El eterno lío electoral

A poco más de un mes de celebrarse las elecciones locales y regionales, muchos cuestionamientos se han hecho alrededor de su desempeño para la fecha prevista.

En primer lugar los escándalos. En Cali se protagonizó uno por cuenta de las firmas que sirvieron para impulsar la candidatura de dos personas, Susana Correa y Rodrigo Guerrero, quienes, según una acusación de la Registraduría, las habían obtenido por medio de su falsificación. Luego de dos semanas —en que Correa renunció indignada—, la Dirección del Censo Electoral indicó que Guerrero sí tenía el aval y las firmas requeridas para presentarse.

En Bogotá se viven cosas por el estilo: ya se han puesto en entredicho las candidaturas de Antanas Mockus y Gustavo Petro, por motivo de inhabilidades que algunos han alegado en su contra, ante las que la autoridad competente no ha emitido pronunciamiento (el caso de Petro, sin embargo, parece ser la vuelta en vida de un debate que el Consejo Nacional Electoral ya había cerrado para 2010).

Está, por supuesto, el eterno tema de la seguridad: tanto la indemnidad física de los candidatos, como la de los votantes a la hora de depositar una papeleta, o incluso la del sistema informático, son temas que preocupan a Carlos Ariel Sánchez, registrador nacional del Estado Civil.

A esta realidad, que ya es preocupante, se suman los factores que —muy tristemente— pueden denominarse como los “clásicos”. En su último informe, la Misión de Observación Electoral (MOE) ha revelado unos datos no tan tranquilizadores para el libre ejercicio del voto en las diferentes regiones. A lo que va del año, y hasta finales de agosto, dice el documento, existen 1.243 reportes sobre irregularidades y anomalías electorales. A saber: 162 de violencia política, 700 de anormalidades en la campaña, 194 de intervención en política, 46 de subsidios a candidatos y 141 de relaciones con grupos al margen de la ley.

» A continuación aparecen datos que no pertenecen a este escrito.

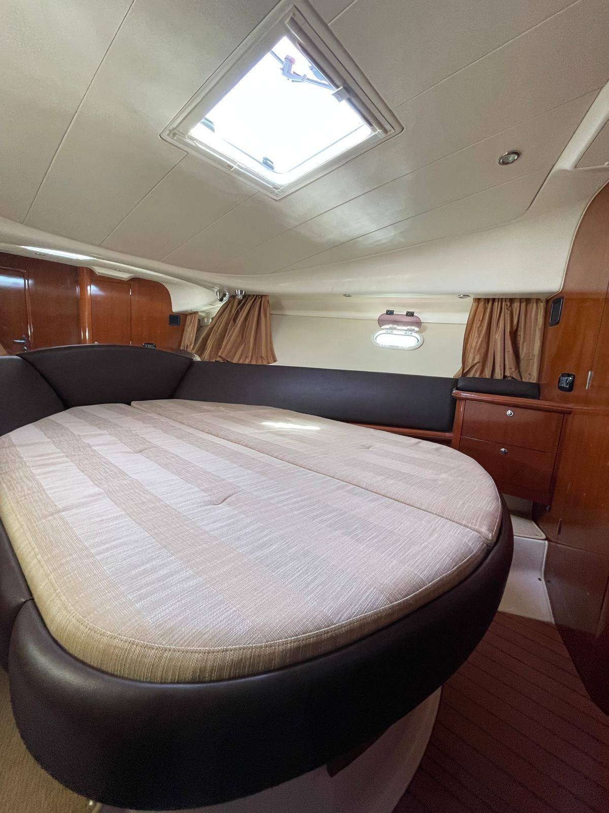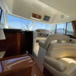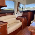 The Prestige 36 (built by Jeanneau) is a compact flybridge motor yacht from 2009, measuring 11.6m long x 3.84m beam with a shallow 0.93m draft, ideal for coastal cruising and island hopping
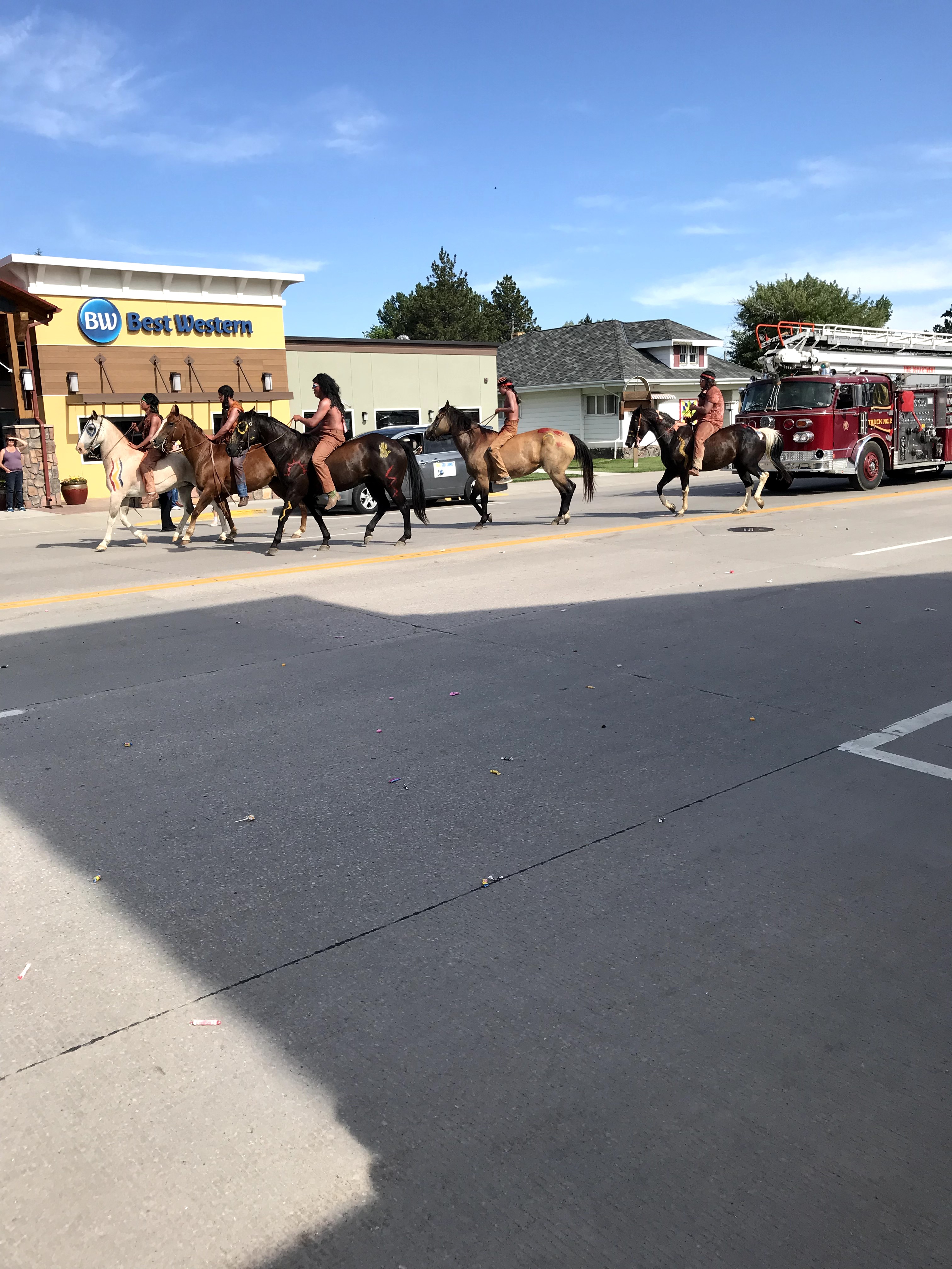 And wouldn’t you know it, yet another highlight was awaiting in Lusk – the annual Rawhide Days Parade. Most of the town was in the parade, so our bicycling crew made up a vast majority of the parade viewers. If the rest of the folks from Lost Springs would have attended (those not at the bar), parade viewership would have noticeably increased. Cowboys, Indians, Fire Trucks, Tow Trucks, Flat Bed Trucks, and the town sheriff – your typical Wyoming summer parade. And for what it’s worth, the parade Indians seemed to be having way more fun than the parade Cowboys. I’m not sure what to make of that.
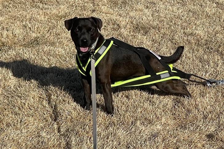 Un Patterdale Terrier tirant la langue et qui est tenu en laisse
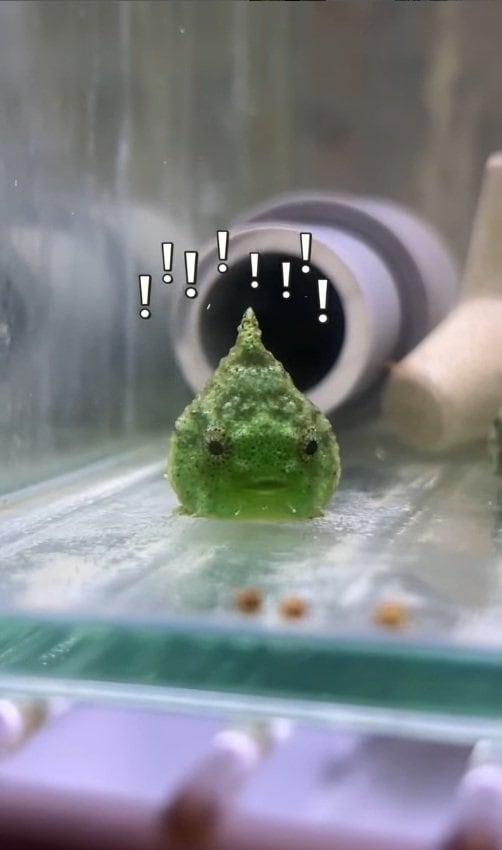 「一度にたくさん食べすぎて、一度吐き出すもすぐに食いつく欲張りっぷり」と投稿された動画では、緑色のダンゴウオが登場。少しとぼけたような表情がかわいらしいです。目の前にエサが3粒転がってくると…。
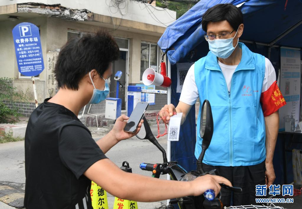 8月14日,在北京市海淀區(qū)薊門里社區(qū)出入口,馮向東(右)指導(dǎo)進(jìn)入社區(qū)的人員掃描健康寶。

La pregunta que debe hacerse de cara a estas elecciones en específico es la siguiente: ¿es este un caso particular para el año 2011 o es el reflejo de un patrón sistémico que caracteriza las elecciones locales de este país? Por las cosas que la justicia ha desmantelado recientemente —congresistas, alcaldes o gobernadores implicados en gruesos fraudes electorales— se sabe que estos reportes de anomalías no son una peculiaridad que nos coja por sorpresa este año. El problema es que los organismos de control actúan como si, en efecto, fuera una contingencia inesperada.

No desconocemos los ingentes esfuerzos de todas las entidades por mantener un ambiente tranquilo el día en que se desarrollarán los comicios. Pero no es sólo un asunto de procurar la calma mientras se depositan y cuentan los votos durante 16 horas, sino sobre todo, un factor endémico de la sociedad colombiana que va minando —por el resto del año— la legitimidad de la democracia. De nada sirve salir de la casa tranquilo e ir a votar un día, si previamente se ha hecho todo un esfuerzo de largo tiraje para determinar el destino de ese voto: compras masivas, amenazas de muerte, clientelismo, propaganda conseguida con dinero de la violencia, etcétera.

Es en este panorama sistemático de sabotaje electoral a donde las autoridades deben voltear la vista, abrir los ojos y actuar. No deja de ser importante —por lo inminente— el tema de la seguridad y feliz término de las elecciones que se vienen en octubre. Pero ya es hora de que despertemos frente a lo que se ha vuelto evidente a nuestro ojos: la falta de legitimidad de muchas prácticas democráticas por cuenta, no de la seguridad del día en que se celebran los comicios, sino por el complot que se ha ido gestando sin problemas durante los meses anteriores. Una verdadera democracia representativa, como la nuestra, debe resistirse a eso y aumentar esfuerzos para que no suceda más.